If the keyword equanimous
is used, all elements of hyper_pB
will be set to 0.5, except when bayesian_network
has been
defined as true
, or autocycle
is true
, or
hypergraph
is true
, in which cases the diagonal elements
will be set to zero.
Finally, you can also read the hyper_pB
matrix from a file, using:
hyper_pB = import_file {"filename"};
where filename
is the valid name of an existing file containing
the probability values, separated by white spaces or tabs (but not
commas). That file cannot have extensions .bin or .out, as
those are reserved.
Internally, hyper_pB
is always used. If it is not defined by the
user, p values will default to 0.5 (with zeroes on the diagonal if
bayesian_network
is true
), so that the prior is neutral
(equal probability for the absence or presence of any edge). The use of
the keyword equanimous
is equivalent, with the advantage of being
explicit.
In the case of a Bayesian network, nodes which have been assigned a
zero probability of having parents (a column of zero in the
hyper_pB
matrix) are understood to be special “control” nodes
for which the likelihood will not be computed. Such nodes will
typically correspond to experimental design variables. Their
likelihood is not computed. They condition the likelihood of their
eventual children node and then take the values assigned to them in
the input file (in which case the “data” are rather forcing values
than actual observations).
concordance_prior
The flag concordance_prior
set to 1 or true
indicates that
a concordance prior should be used (in addition to the baseline
Bernoulli prior on individual edges). By default
concordance_prior
is false
. A concordance prior is an
unnormalized score of the edge-wise difference between a reference
adjacency matrix and the matrix being examined (see below
edge_requirements
).
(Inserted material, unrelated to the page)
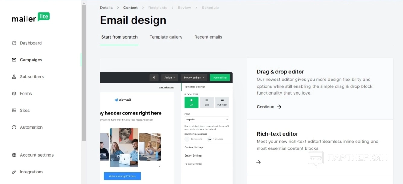 Следующий шаг — выбор редактора, с помощью которого будет создаваться письмо. Как говорилось ранее, платформа предлагает их три вариации, подходящие для любого уровня навыков.

Beware that you should probably not used it
in conjunction with an informative Bernoulli prior on edges, since both
priors specify (explicitly in the case of Bernoulli) individual edge
probabilies. Leaving the Bernoulli prior unspecified will be fine in
that case as it will be assigned a non-informative default value.
edge_requirements
The matrix edge_requirements
is a square matrix of dimension
n_nodes
which specifies the concordance between the edges of a
reference adjacency matrix and the current one. Each element
[i,j] of edge_requirements
can take a value of 1, -1, or
0.
lambda_concordance
(see below).
Example:
concordance_prior = true; edge_requirements = matrix {-1, -1, 0, 1, -1, -1, 1, -1, -1};
By default, all elements of edge_requirements
will be set to 0
when bayesian_network
is false
. If bayesian_network
is true
the diagonal elements will be set to -1 and the others to
0. If you want it to work with Bayesian networks, you should set
bayesian_network
before defining edge_requirements
,
because its default value is false
.
lambda_concordance
The parameter lambda_concordance
is used to weight the differences
between the reference adjacency matrix and the current adjacency
matrix when concordance_prior
is true
. It should be set
to a double (typically superior to zero). Its default value is
1.
degree_prior
The flag degree_prior
set to 1 or true
indicates that a
power law prior is placed on the distribution of the nodes’ degrees
(the number of incoming and outgoing edges for a given node)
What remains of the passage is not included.